• _SUPPLIED MATERIAL_:
━━━━━━
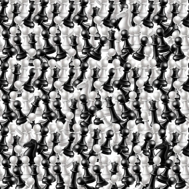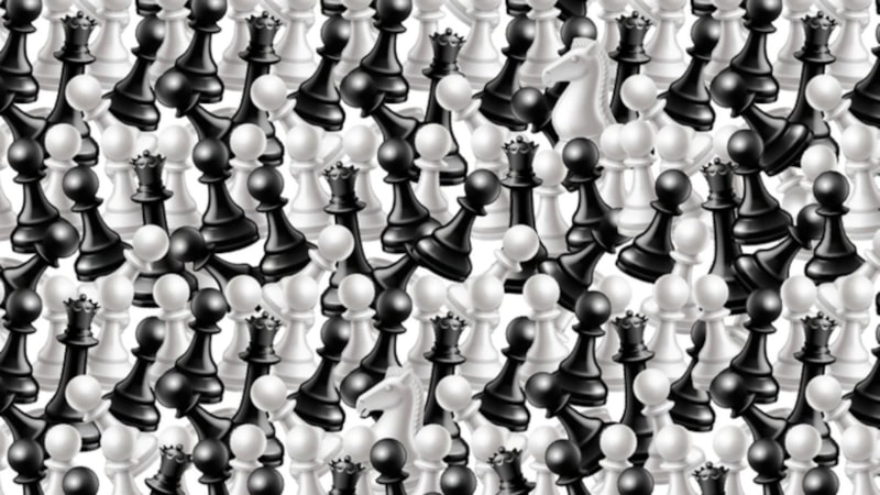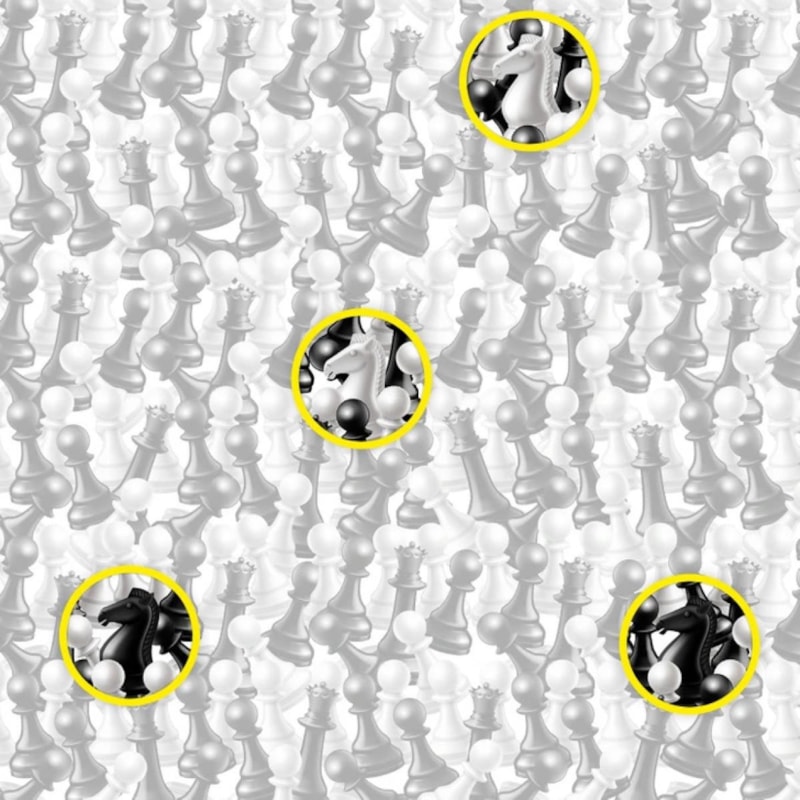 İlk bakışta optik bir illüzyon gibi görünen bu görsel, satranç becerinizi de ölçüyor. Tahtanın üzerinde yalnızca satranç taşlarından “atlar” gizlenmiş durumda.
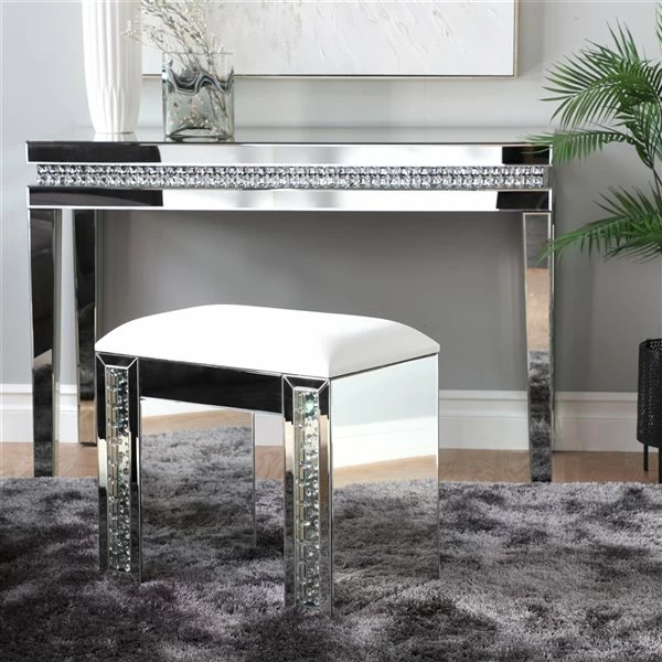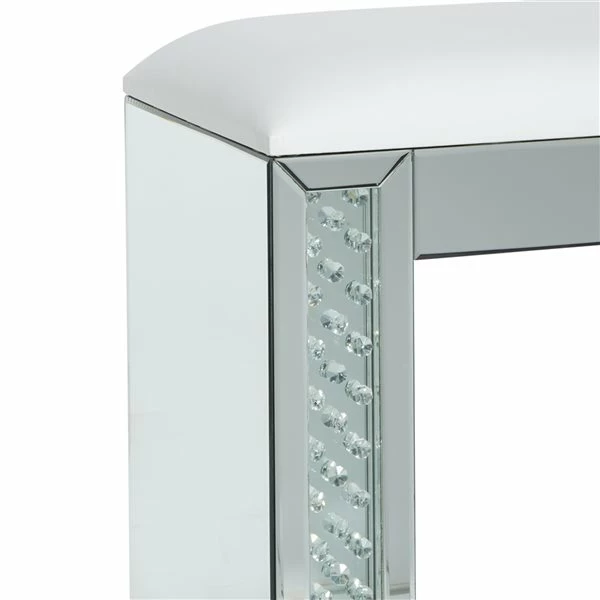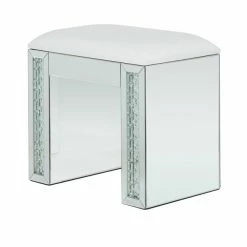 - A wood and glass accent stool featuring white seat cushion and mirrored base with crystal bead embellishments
━━━━━━
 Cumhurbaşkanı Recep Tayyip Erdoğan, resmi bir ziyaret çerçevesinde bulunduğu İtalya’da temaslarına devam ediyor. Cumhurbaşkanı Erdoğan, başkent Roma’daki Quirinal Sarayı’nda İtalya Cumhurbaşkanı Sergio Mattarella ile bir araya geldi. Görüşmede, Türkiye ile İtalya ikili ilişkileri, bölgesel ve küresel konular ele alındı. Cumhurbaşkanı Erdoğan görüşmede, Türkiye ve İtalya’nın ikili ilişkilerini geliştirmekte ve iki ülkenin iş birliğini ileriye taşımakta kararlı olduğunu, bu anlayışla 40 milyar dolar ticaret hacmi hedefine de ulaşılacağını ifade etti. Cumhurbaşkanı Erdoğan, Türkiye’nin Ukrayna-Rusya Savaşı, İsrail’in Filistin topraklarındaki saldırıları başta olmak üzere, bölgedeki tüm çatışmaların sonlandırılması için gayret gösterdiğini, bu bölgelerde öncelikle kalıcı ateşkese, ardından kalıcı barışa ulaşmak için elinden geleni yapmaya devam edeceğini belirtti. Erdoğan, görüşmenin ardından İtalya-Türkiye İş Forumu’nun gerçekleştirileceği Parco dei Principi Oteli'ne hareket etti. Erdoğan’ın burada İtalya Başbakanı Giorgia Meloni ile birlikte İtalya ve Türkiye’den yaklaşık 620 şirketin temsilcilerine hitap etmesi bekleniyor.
━━━━━━
• _TASK BRIEF_: Beginning at the line above that contains "İlk bakışta optik", repeat each line exactly through the one that contains "- A wood and", and leave out the pictures.

• _TASK RESPONSE_:
 İlk bakışta optik bir illüzyon gibi görünen bu görsel, satranç becerinizi de ölçüyor. Tahtanın üzerinde yalnızca satranç taşlarından “atlar” gizlenmiş durumda.
 - A wood and glass accent stool featuring white seat cushion and mirrored base with crystal bead embellishments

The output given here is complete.